The truth about hitchhiking

Mom, Dad, I gotta come clean with you now that I’m safely back home. During this last month of travel through Chile, I’ve been almost exclusively hitch hiking. I feared my decision would get the same reaction as if I told you I had taken up a drug habit or I’m rushing into a marriage with a South American sweetheart. One of those decisions that kind of just happens and everyone is sure I don’t know what I’m getting into. But I’m here to tell you that my this was one of the best travel decisions I made.

When I first arrived to Colombia, I had all the nervousness of being in a new country. A few timid trips to get food; a short bus ride to the beach; that was about my thresh hold before I felt like I needed to retreat to safety. But after 11 months, the routine of catching buses, staying in hostels, and day trips seemed well within the comfort zone. My current mission was to collect stories for my great grand-kids.
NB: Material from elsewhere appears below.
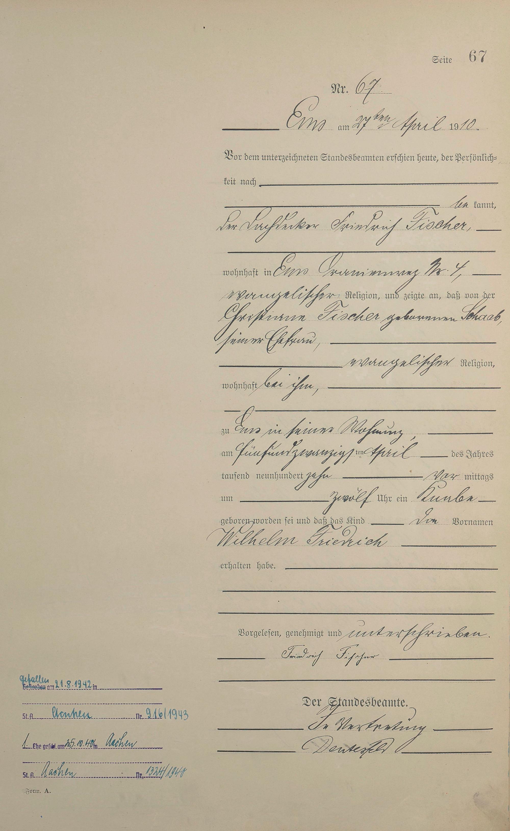 Geburtsregister 1910

That was something I couldn’t do firmly in my comfort zone.

So I found myself on the side of the road in the Atacama Desert, feeling somewhat foolish, and doubting my chances of making it to Patagonia in a month. That first day I made it only 100 km, and ended up camping behind the police station in Cuya (10 points if you can find it on a map). Buses had passed by, and I had stubbornly refused them, insisting to my self that I was going to do this all via hitching. But after 24 hours in Cuya, I changed strategies, took a bus the shortest distance possible which happened to drop me off in a ghost town.

Over the next month I took a few more buses but focused on hitching. Sometimes it was out of necessity, like in Patagonia where buses only ran once a week. But mostly it was a choice. I could take a bus, zone out, listen to music, and wonder what was passing me by. Or I could stick my thumb out, speak Spanish, meet people, and hear the stories roll through the landscape.

These guys stopped at every broken down truck and helped them get back on the road
These guys stopped at every broken down truck and helped them get back on the road
At one stop, Edger pulled out two skateboards he just bought in Iquique. We had a massive session in the middle of the desert, ollying over little rocks and carving down the road.
At one stop, Edger pulled out two skateboards he just bought in Iquique. We had a massive session in the middle of the desert, ollying over little rocks and carving down the road.
I helped this hilarious guy deliver fruit for a morning. He had me eat plums in front of potential clients and talk about how sweet they were.
I helped this hilarious guy deliver fruit for a morning. He had me eat plums in front of potential clients and talk about how sweet they were.

So, ma, pa, I hope I haven’t given you any more anxiety about your kids traveling. I know I’ve probably already already given you enough as it is already. I was never naive about risks, and always scoped out potential rides before getting in. But the way I think, riding a bus, riding a bike, walking, or staying in your house, also has danger. Being in a car with a stranger isn’t as scary as holding back and regretting all the adventures that could have happened. Ultimately, when faced with a dangerous world what else can you do but use your gut, trust God, and throw yourself into it?